Give all of the data again exactly as written, omitting every image.
---------- Collected material ----------
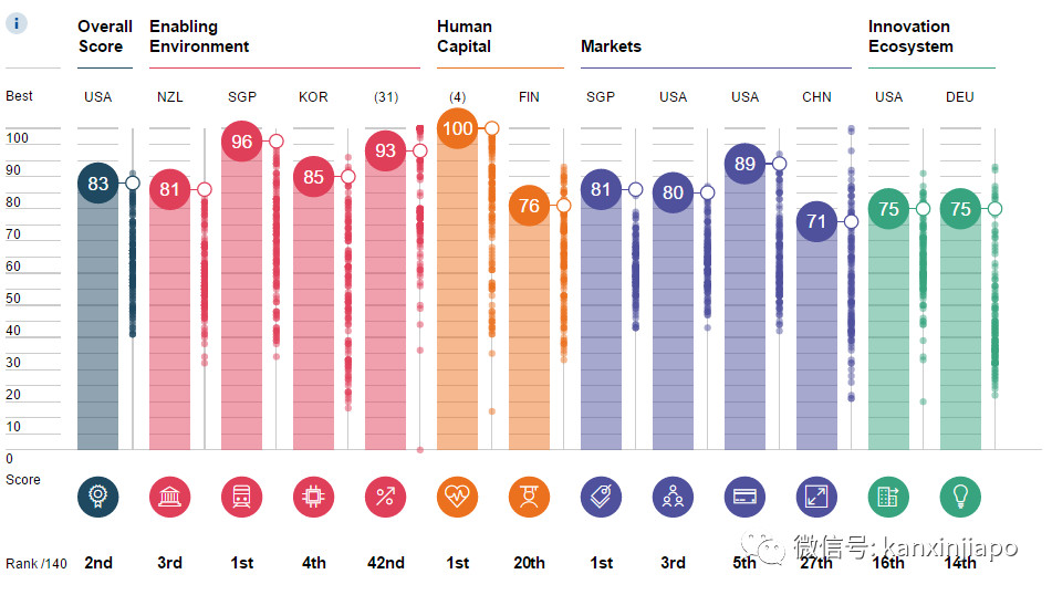 今年,世界經(jīng)濟論壇對評分進行了大幅調(diào)整,把未來技術(shù)驅(qū)動的經(jīng)濟成長作為導(dǎo)向,加入了多項新指標,從創(chuàng)新能力、開放性和靈活性等12項類別的98個要素進行綜合考察。
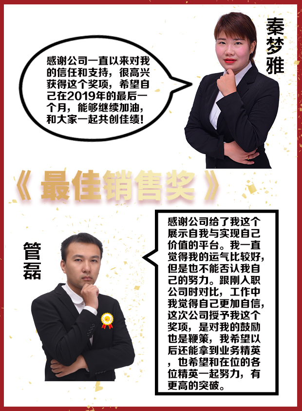大會上,岳總經理還宣讀11月份先進個人名單:業務一部胡雪成,業務二部秦夢雅,采購部曹鳳勤,市場部葛格。他們在11月份評比中表現突出,成績斐然,希望他們發揮模范帶頭作用,在今后工作中再創佳績。同時,岳經理表示達成11月業績目標離不開每一位員工的努力,勉勵大家再接再厲,期待更多人加入精英隊伍。
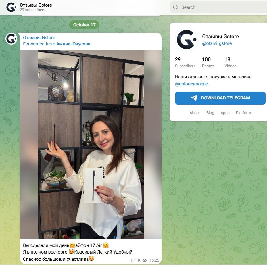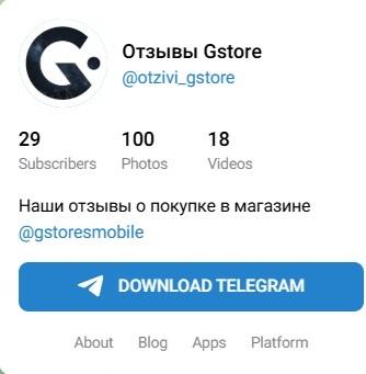 Основной канал GStore Mobile @gstoresmobile в Telegram не работает. При попытке зайти туда появляется ошибка. Вероятно, канал удалили или заблокировали. Остался только канал с отзывами «Отзывы Ostore» @otzivi gstore. В нем всего 29 подписчиков, хотя опубликовано 100 фото и 18 видеоотзывов.
----------
» **Reply to the exercise**
 今年,世界經(jīng)濟論壇對評分進行了大幅調(diào)整,把未來技術(shù)驅(qū)動的經(jīng)濟成長作為導(dǎo)向,加入了多項新指標,從創(chuàng)新能力、開放性和靈活性等12項類別的98個要素進行綜合考察。
大會上,岳總經理還宣讀11月份先進個人名單:業務一部胡雪成,業務二部秦夢雅,采購部曹鳳勤,市場部葛格。他們在11月份評比中表現突出,成績斐然,希望他們發揮模范帶頭作用,在今后工作中再創佳績。同時,岳經理表示達成11月業績目標離不開每一位員工的努力,勉勵大家再接再厲,期待更多人加入精英隊伍。
 Основной канал GStore Mobile @gstoresmobile в Telegram не работает. При попытке зайти туда появляется ошибка. Вероятно, канал удалили или заблокировали. Остался только канал с отзывами «Отзывы Ostore» @otzivi gstore. В нем всего 29 подписчиков, хотя опубликовано 100 фото и 18 видеоотзывов.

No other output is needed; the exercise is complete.